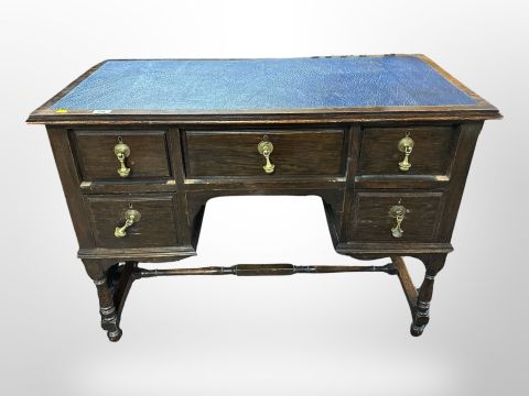 A late Victorian five drawer desk with blue leather inset panel, width 106 cm
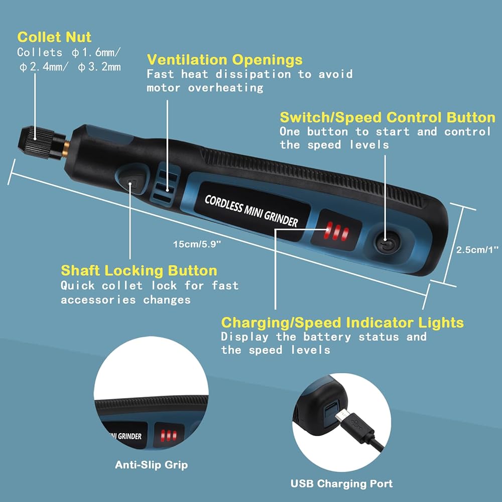 【Easy to Control】Craft with confidence using our user-friendly electric engraver.Just press the switch button, then you can start/turn off the engraving machine and adjust the speed levels. There is also a shaft locking button for easy and quick accessory changes without any tools. The ergonomic design ensures a comfortable and anti-slip grip, allowing for extended use without hand fatigue. Suitable for both beginners and suitable for both beginners and experienced craftsmen.
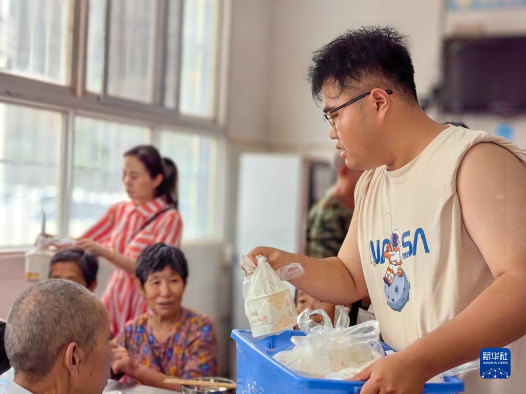 7月6日,志愿者在位于重慶市萬(wàn)州區長(cháng)灘初級中學(xué)的臨時(shí)安置點(diǎn)發(fā)放餐食。
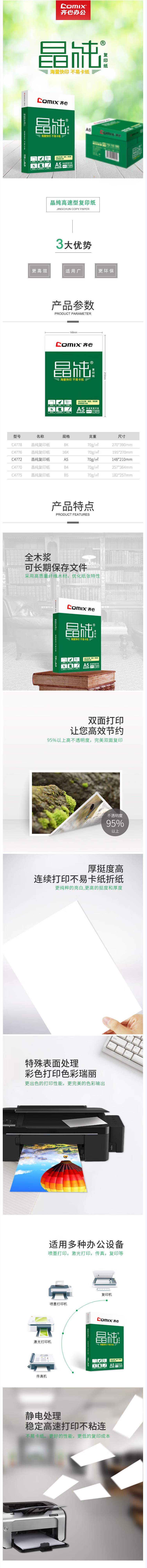 齐心(COMIX)C4772-10 晶纯复印纸 70克 A5 (10包/箱)
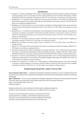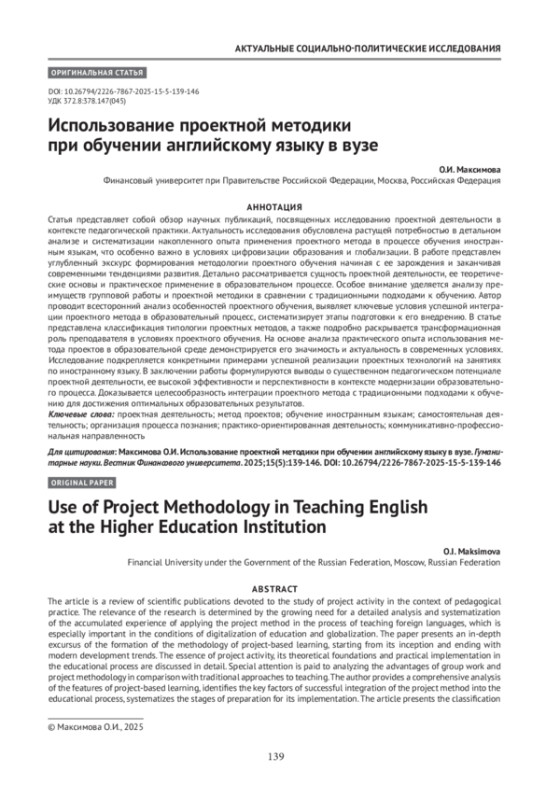 МАКСИМОВА О. И. ИСПОЛЬЗОВАНИЕ ПРОЕКТНОЙ МЕТОДИКИ ПРИ ОБУЧЕНИИ АНГЛИЙСКОМУ ЯЗЫКУ В ВУЗЕ // ГУМАНИТАРНЫЕ НАУКИ. ВЕСТНИК ФИНАНСОВОГО УНИВЕРСИТЕТА. 2025. ТОМ 15, № 5
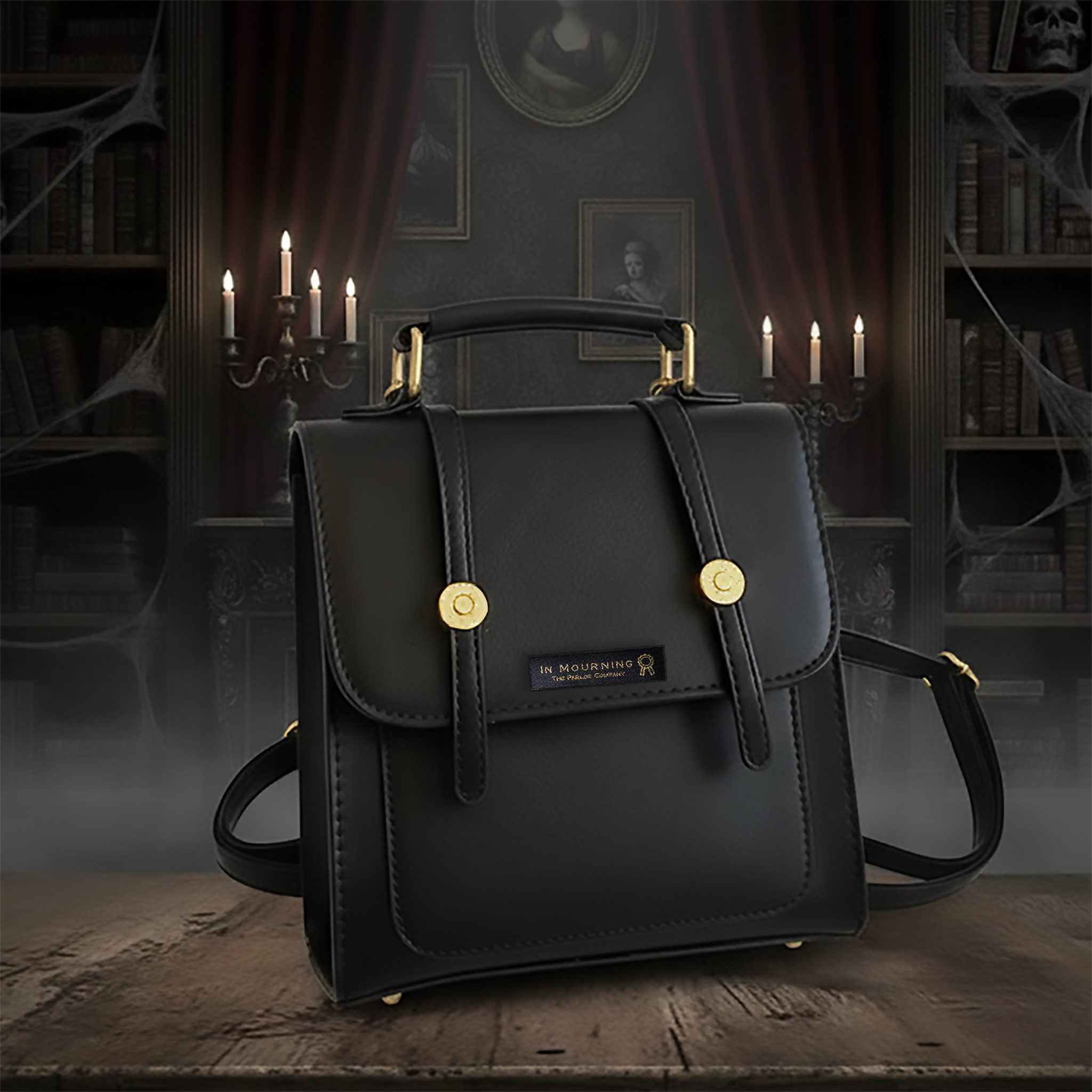 This versatile doctor's backpack is equipped with multi-functions, which can be utilized as a shoulder bag, a crossbody bag, or a handbag. Embellished with our signature "IN MOURNING" woven tag.

***

### Task requirements:
Return every line above exactly, omitting images.

### Solution for this task:
 A late Victorian five drawer desk with blue leather inset panel, width 106 cm
 【Easy to Control】Craft with confidence using our user-friendly electric engraver.Just press the switch button, then you can start/turn off the engraving machine and adjust the speed levels. There is also a shaft locking button for easy and quick accessory changes without any tools. The ergonomic design ensures a comfortable and anti-slip grip, allowing for extended use without hand fatigue. Suitable for both beginners and suitable for both beginners and experienced craftsmen.
 7月6日,志愿者在位于重慶市萬(wàn)州區長(cháng)灘初級中學(xué)的臨時(shí)安置點(diǎn)發(fā)放餐食。
 齐心(COMIX)C4772-10 晶纯复印纸 70克 A5 (10包/箱)
 МАКСИМОВА О. И. ИСПОЛЬЗОВАНИЕ ПРОЕКТНОЙ МЕТОДИКИ ПРИ ОБУЧЕНИИ АНГЛИЙСКОМУ ЯЗЫКУ В ВУЗЕ // ГУМАНИТАРНЫЕ НАУКИ. ВЕСТНИК ФИНАНСОВОГО УНИВЕРСИТЕТА. 2025. ТОМ 15, № 5
 This versatile doctor's backpack is equipped with multi-functions, which can be utilized as a shoulder bag, a crossbody bag, or a handbag. Embellished with our signature "IN MOURNING" woven tag.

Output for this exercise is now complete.